_ACTION ITEM_: For every line below, restate it exactly and drop the images.

--- DATA FOR ANALYSIS Enclosed Below ---

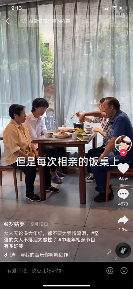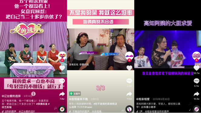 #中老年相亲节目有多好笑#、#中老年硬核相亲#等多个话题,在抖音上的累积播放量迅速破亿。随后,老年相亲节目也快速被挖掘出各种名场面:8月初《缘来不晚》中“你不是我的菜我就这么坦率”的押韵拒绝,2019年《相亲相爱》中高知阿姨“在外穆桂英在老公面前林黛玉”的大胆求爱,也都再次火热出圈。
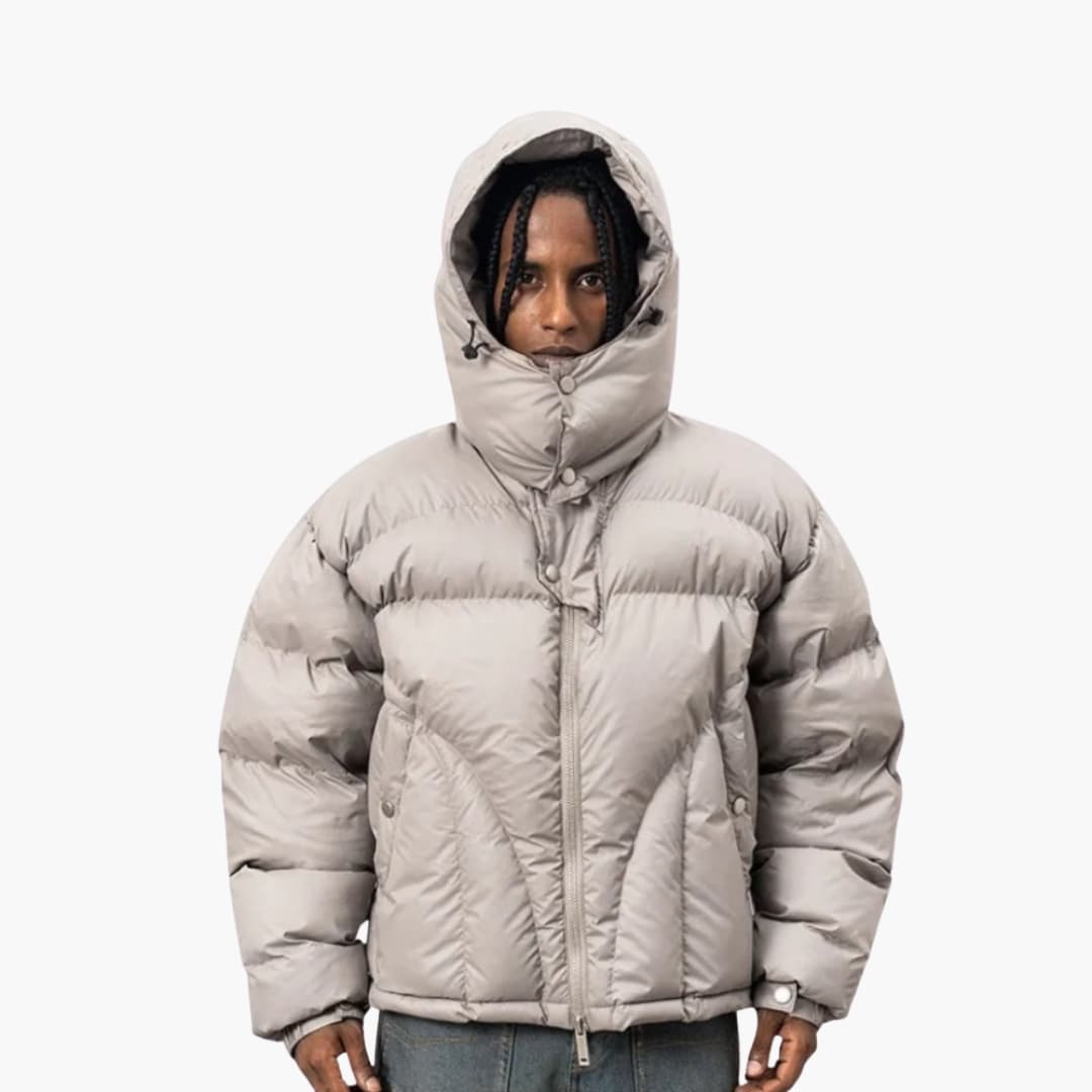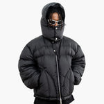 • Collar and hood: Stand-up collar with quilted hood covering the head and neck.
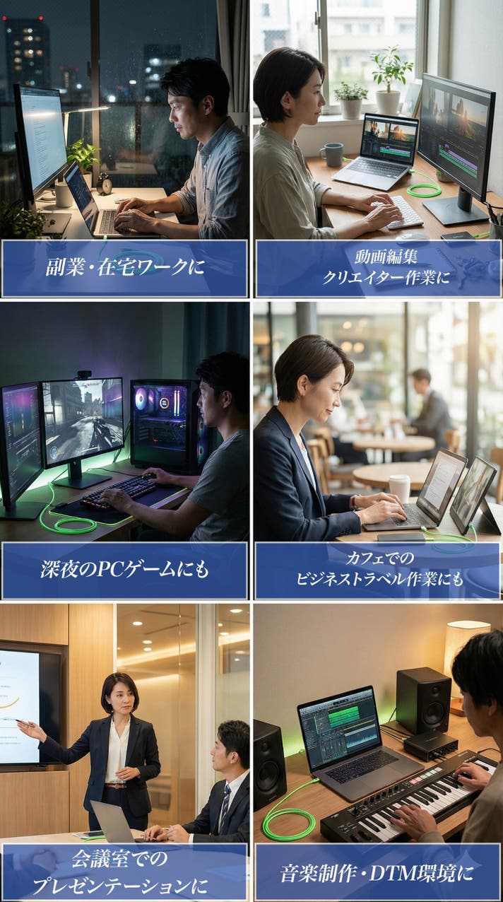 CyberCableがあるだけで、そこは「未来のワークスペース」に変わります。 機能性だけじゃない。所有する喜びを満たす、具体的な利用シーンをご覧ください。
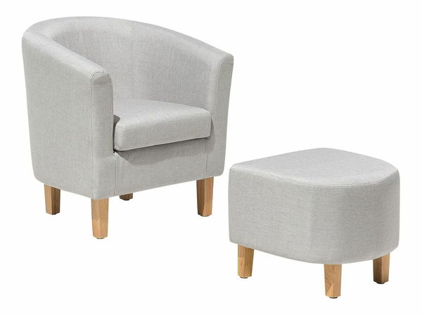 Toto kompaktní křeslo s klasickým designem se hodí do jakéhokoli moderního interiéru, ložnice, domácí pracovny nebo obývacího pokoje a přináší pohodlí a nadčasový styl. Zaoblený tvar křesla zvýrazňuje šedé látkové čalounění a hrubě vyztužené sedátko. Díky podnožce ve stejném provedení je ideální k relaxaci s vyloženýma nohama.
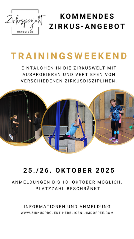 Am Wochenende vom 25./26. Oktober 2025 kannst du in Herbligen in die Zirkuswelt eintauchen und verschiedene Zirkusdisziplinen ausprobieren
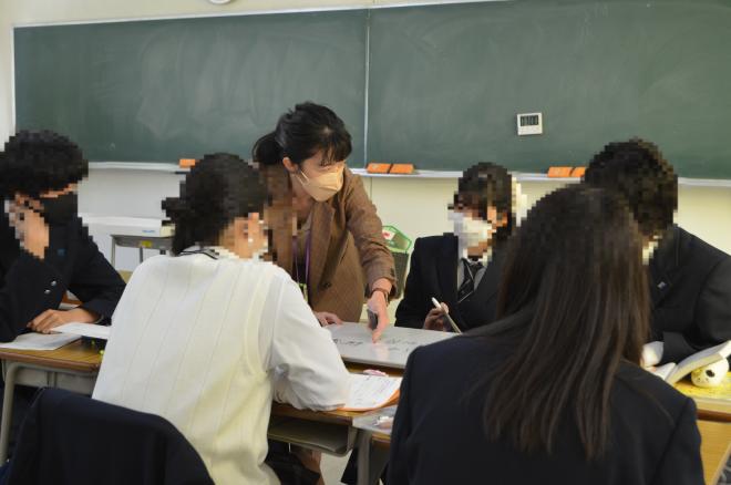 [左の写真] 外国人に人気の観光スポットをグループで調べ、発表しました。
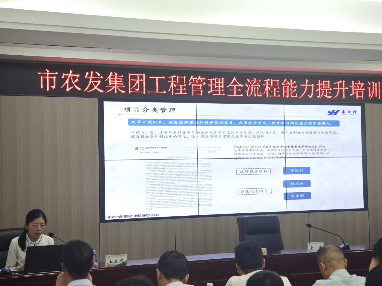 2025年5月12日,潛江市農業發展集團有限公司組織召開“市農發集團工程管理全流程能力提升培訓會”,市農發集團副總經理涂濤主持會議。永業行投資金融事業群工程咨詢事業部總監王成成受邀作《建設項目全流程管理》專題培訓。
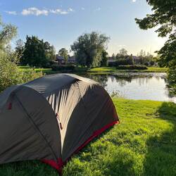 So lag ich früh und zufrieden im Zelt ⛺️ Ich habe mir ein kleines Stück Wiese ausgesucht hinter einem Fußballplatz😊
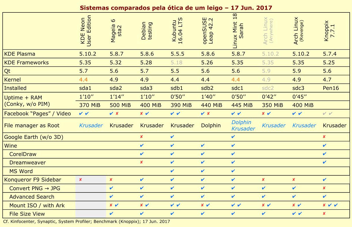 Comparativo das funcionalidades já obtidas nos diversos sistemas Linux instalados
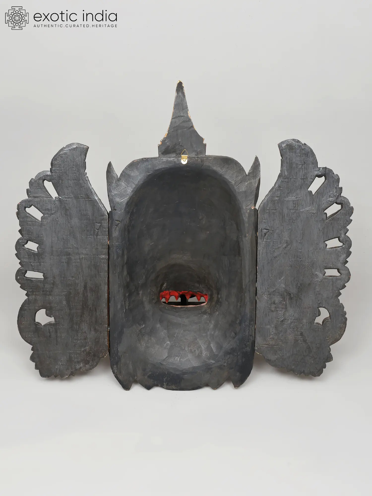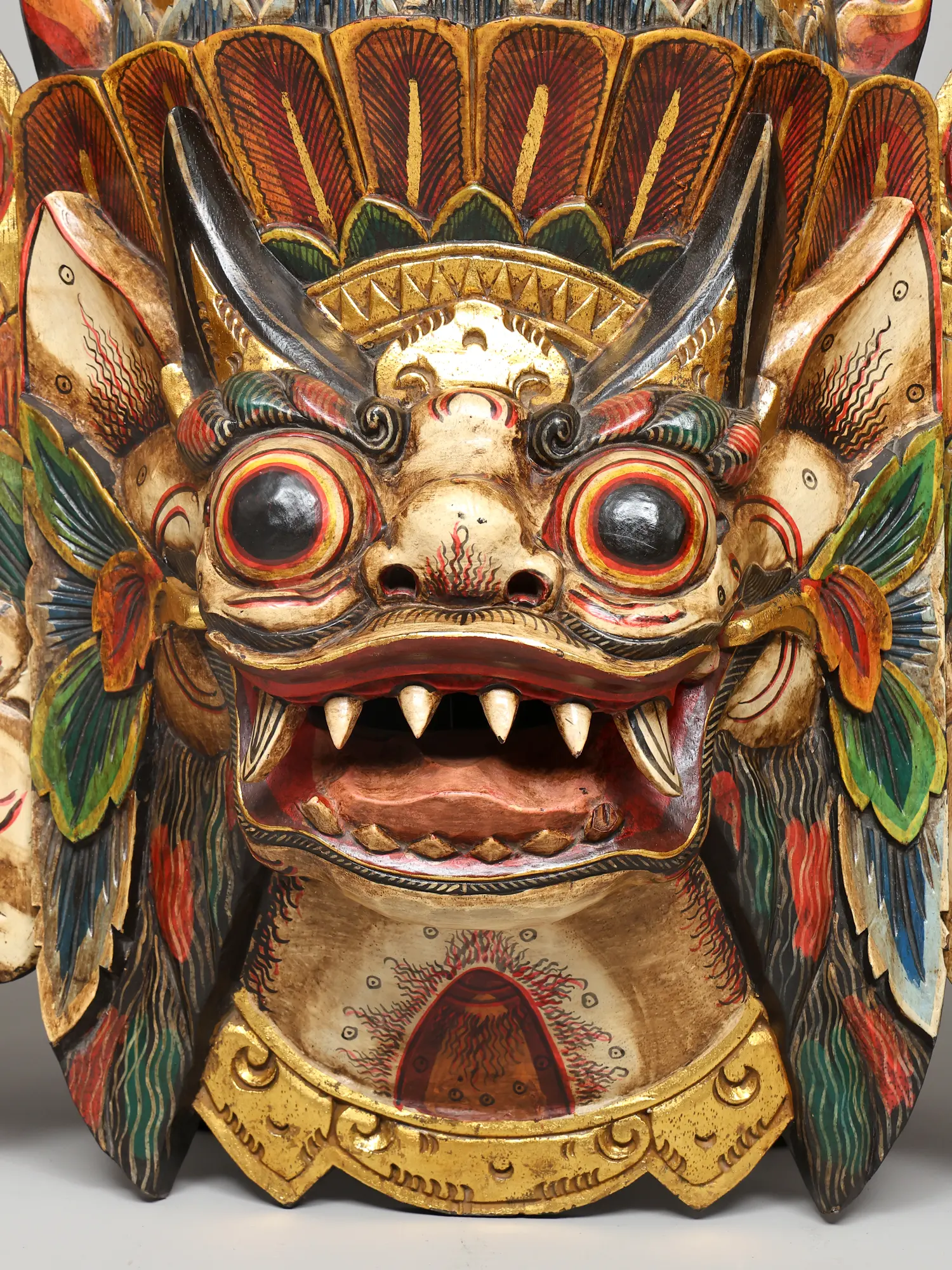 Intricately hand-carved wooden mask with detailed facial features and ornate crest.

--- End of Enclosed DATA FOR ANALYSIS ---

_EXERCISE RESULT_:
 #中老年相亲节目有多好笑#、#中老年硬核相亲#等多个话题,在抖音上的累积播放量迅速破亿。随后,老年相亲节目也快速被挖掘出各种名场面:8月初《缘来不晚》中“你不是我的菜我就这么坦率”的押韵拒绝,2019年《相亲相爱》中高知阿姨“在外穆桂英在老公面前林黛玉”的大胆求爱,也都再次火热出圈。
 • Collar and hood: Stand-up collar with quilted hood covering the head and neck.
 CyberCableがあるだけで、そこは「未来のワークスペース」に変わります。 機能性だけじゃない。所有する喜びを満たす、具体的な利用シーンをご覧ください。
 Toto kompaktní křeslo s klasickým designem se hodí do jakéhokoli moderního interiéru, ložnice, domácí pracovny nebo obývacího pokoje a přináší pohodlí a nadčasový styl. Zaoblený tvar křesla zvýrazňuje šedé látkové čalounění a hrubě vyztužené sedátko. Díky podnožce ve stejném provedení je ideální k relaxaci s vyloženýma nohama.
 Am Wochenende vom 25./26. Oktober 2025 kannst du in Herbligen in die Zirkuswelt eintauchen und verschiedene Zirkusdisziplinen ausprobieren
 [左の写真] 外国人に人気の観光スポットをグループで調べ、発表しました。
 2025年5月12日,潛江市農業發展集團有限公司組織召開“市農發集團工程管理全流程能力提升培訓會”,市農發集團副總經理涂濤主持會議。永業行投資金融事業群工程咨詢事業部總監王成成受邀作《建設項目全流程管理》專題培訓。
 So lag ich früh und zufrieden im Zelt ⛺️ Ich habe mir ein kleines Stück Wiese ausgesucht hinter einem Fußballplatz😊
 Comparativo das funcionalidades já obtidas nos diversos sistemas Linux instalados
 Intricately hand-carved wooden mask with detailed facial features and ornate crest.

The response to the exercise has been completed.